In his work Danja Akulin is able to cast light into what is but a partially illuminated landscape.  In the way he masters the light he is able to visually translate emotions and thoughts within the duality of darkness and brightness. The more obscure the landscape, the less light is needed for the mysteries that are either hidden or obvious to our eyes, and vice versa. This metaphor accounts for the fact that weak and unimportant feelings might easily resurface, while other strong ones might live in perpetual obscurity:  A dim light cast into near darkness stands out more than bright light in full sun. And yet, Akulin in his paintings insists that all illumination has its share of darkness: ‘Light can be dark too.’ Artists, while providing illumination, also cast shadows – they create a scene that somehow occupies a position between total illumination and total darkness.

For Danja Akulin the shadow is a place of complete insecurity and the light is a naive confidence in the certainty of knowledge.  He actively avoids giving himself up to one or the other but operates, instead, in the in-between area, the penumbra.

It is more likely that Akulin's rhetoric in his ephemeral landscapes owes its inspiration not to mimesis but to the less methodical rumination on art in Nietzsche's Birth of Tragedy.

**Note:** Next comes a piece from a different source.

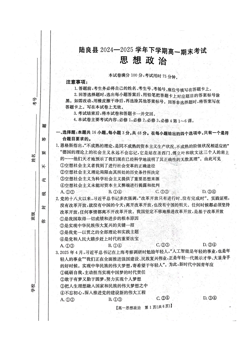 高一政治--云南省曲靖市陆良县2024-2025学年高一下学期期末考试
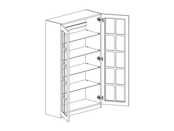 Väggskåp dekor i bänkmodell med vitrinlucka och fyra hyllor. Välj höger- eller vänsterhängd lucka (bredd 800 mm har parluckor). Välj vitrinfront och utförande. Välj mellan stomme och front i kulör eller trä. Skåpet har trähyllor som standard men kan även fås med glashyllor.

Like Nietzsche, Akulin relates light to knowledge and darkness to ignorance, and like Nietzsche, Akulin conceives of art as a place where the two meet, clash, and collaborate. Nietzsche asserts that all art manifests both the clear-headed, visual, sober, Apollonian impulse and the wild, blind, chaotic revelry of the Dionysian.  He insists that it is about time that the manifestation of this opposition in works of art be taken as an eternal truism.

Akulin provides knowledge about the world precisely by means of a mimetic poetics that not only confronts what lies in the open to be seen and grasped but that also preserves a sense of the world's mystery.  The success of Akulin’s images lays on their ability to continue to function resolutely between the poles of darkness and full illumination.